Бабушки дома нет. Глыжка сказал, что она пошла к деду Николаю.

— Она говолила, — докладывает Глыжка, — что дедуска Николай тебе покажет. Она говолила, что он ш тебя шкуру шпуштит…

Что затеяла бабушка, нетрудно догадаться. Придет дед, тогда сегодня не вырвешься, не выпустит. Я отрезал ломоть хлеба, сунул его за пазуху и уже с порога дал наказ брату:

— Смотри тут, Гришаня. Слушайся бабушку. Если картошка под полом не поместится, сделайте бурт на огороде.

Глыжка смотрит на меня и собирается заплакать.

— А ты куда?

— Ты не плачь. Я схожу только в одно место и вернусь. Скажи бабушке, чтоб корову домой пригнала…

Растрепал напоследок непослушный братишкин чуб, как, уходя на войну, сделал это отец, и подался на огороды. Что творится на душе, и сказать тошно: жаль бросать старую с малым и оставаться мне никак нельзя. Санька в беде.

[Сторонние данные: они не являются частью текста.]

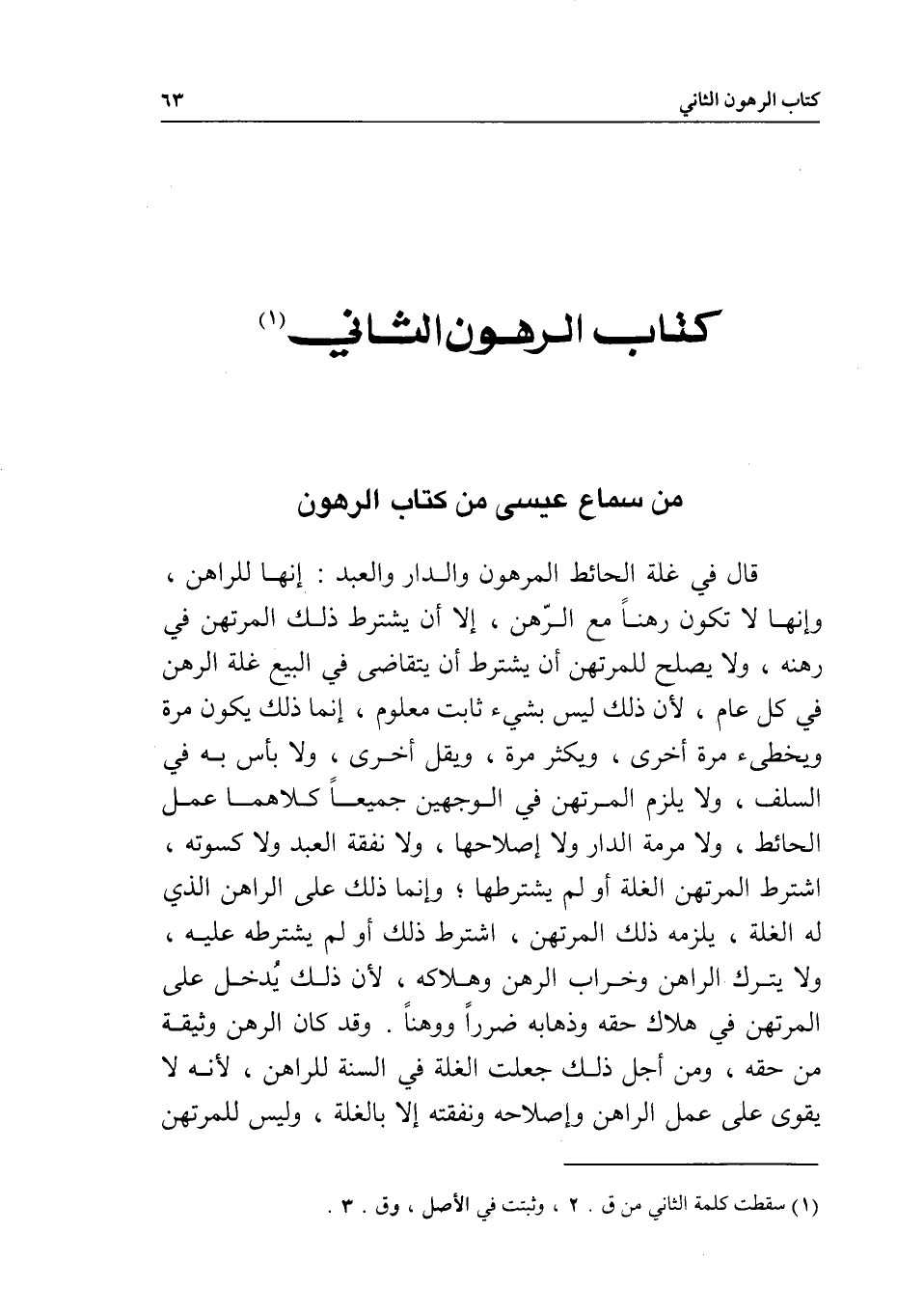[كتاب الرهون الثاني] [غلة الحائط المرهون والدار والعبد]

До того места, где мы встретились накануне с партизаном, я добрался без приключений. Сразу нашел и тот куст, и ту кочку, но самого партизана нет. Кричу, свищу — не отзывается. Обыскал все вокруг в надежде, что он, может, уснул, — ни души. Только на сухом бугорке под развесистой вербой нашел охапку примятого сена да рядом с ним обсосанный окурок из старой, пожелтевшей газеты. Ушел. Не дождался. Обманул.

В отчаянье я заплакал.

Это были горькие слезы обиды. На людях я глотал их, чтобы не показаться слабым. Глотал, когда умерла мать, когда первый раз избил меня Неумыка. Потом немного пообвык, зачерствела душа, окаменело сердце. Когда обижают чужие, это не так больно. А тут свой. Не поверил. Бросил в то время, когда особенно нужна его помощь, когда мы очутились в беде.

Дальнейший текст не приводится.